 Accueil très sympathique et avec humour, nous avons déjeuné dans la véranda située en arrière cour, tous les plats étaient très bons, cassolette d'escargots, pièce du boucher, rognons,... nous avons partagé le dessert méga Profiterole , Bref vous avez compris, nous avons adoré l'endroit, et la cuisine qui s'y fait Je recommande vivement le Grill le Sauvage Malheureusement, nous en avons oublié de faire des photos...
• • • •
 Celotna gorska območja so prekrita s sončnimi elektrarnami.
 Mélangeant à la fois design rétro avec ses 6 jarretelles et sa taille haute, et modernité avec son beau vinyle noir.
• • • •
## ASSIGNED TASK
Using the entries above, give back exactly the line containing "Celotna gorska območja", the line containing "Mélangeant à la", and every line between them, and nothing else.

## ANSWER SPACE
 Celotna gorska območja so prekrita s sončnimi elektrarnami.
 Mélangeant à la fois design rétro avec ses 6 jarretelles et sa taille haute, et modernité avec son beau vinyle noir.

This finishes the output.